● **What to do**
Gather, from the listing beneath this task, every line holding the string "Figure".

● **Supplied material**
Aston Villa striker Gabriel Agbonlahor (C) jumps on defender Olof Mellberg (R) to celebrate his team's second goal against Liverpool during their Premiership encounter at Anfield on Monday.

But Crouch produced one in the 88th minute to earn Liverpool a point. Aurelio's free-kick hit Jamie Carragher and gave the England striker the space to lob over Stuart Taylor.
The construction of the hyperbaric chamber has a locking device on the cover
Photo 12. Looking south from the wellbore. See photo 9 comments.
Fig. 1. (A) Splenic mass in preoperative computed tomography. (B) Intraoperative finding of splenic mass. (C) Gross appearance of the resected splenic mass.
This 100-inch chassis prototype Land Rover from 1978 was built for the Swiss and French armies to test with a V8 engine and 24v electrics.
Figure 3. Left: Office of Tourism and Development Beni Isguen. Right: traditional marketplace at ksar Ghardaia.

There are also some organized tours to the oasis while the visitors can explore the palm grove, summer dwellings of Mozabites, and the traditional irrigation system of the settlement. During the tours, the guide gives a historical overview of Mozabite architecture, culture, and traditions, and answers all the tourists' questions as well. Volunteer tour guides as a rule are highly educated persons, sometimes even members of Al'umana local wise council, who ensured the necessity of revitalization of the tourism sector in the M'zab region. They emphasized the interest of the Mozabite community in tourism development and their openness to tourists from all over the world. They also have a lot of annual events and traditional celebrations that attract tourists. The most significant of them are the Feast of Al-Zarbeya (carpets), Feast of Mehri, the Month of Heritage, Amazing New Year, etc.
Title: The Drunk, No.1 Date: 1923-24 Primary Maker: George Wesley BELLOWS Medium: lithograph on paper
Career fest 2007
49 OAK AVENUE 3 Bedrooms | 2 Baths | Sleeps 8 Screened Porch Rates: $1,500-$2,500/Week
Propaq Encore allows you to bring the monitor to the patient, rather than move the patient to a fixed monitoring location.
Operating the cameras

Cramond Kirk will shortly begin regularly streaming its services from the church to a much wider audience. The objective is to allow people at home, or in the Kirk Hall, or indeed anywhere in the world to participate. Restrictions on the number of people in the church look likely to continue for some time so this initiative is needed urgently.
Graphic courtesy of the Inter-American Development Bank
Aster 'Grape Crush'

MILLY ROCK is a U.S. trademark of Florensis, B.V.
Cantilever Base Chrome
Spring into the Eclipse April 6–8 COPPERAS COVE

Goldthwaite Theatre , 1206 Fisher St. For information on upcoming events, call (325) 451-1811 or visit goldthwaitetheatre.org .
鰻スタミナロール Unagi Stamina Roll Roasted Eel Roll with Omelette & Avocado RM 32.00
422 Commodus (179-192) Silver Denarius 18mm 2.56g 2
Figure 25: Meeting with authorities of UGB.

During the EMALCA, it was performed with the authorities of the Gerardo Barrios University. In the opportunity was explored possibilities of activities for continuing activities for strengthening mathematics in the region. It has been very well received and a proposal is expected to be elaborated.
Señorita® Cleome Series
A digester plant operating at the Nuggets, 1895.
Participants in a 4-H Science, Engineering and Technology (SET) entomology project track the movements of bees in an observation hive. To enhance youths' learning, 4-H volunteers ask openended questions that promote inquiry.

==

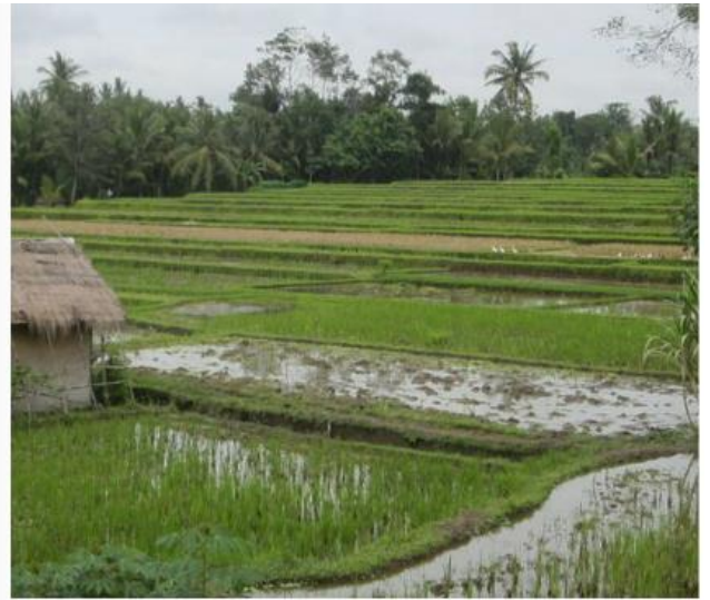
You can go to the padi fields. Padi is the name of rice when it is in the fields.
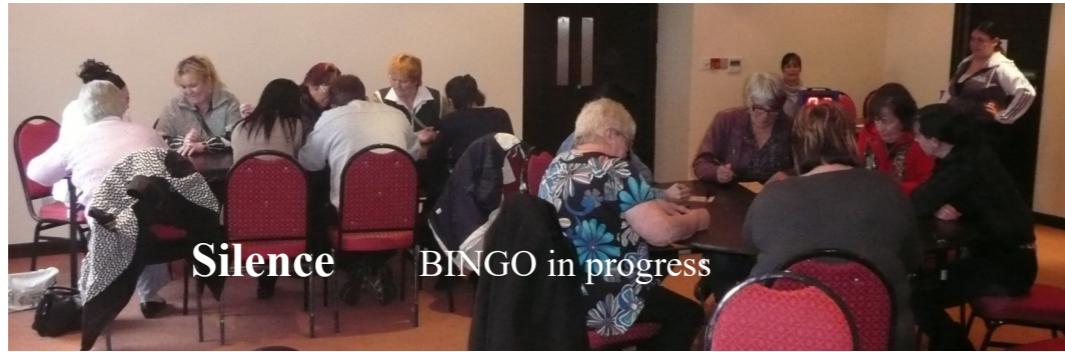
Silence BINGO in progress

● **Reply**
Figure 3. Left: Office of Tourism and Development Beni Isguen. Right: traditional marketplace at ksar Ghardaia.
Figure 25: Meeting with authorities of UGB.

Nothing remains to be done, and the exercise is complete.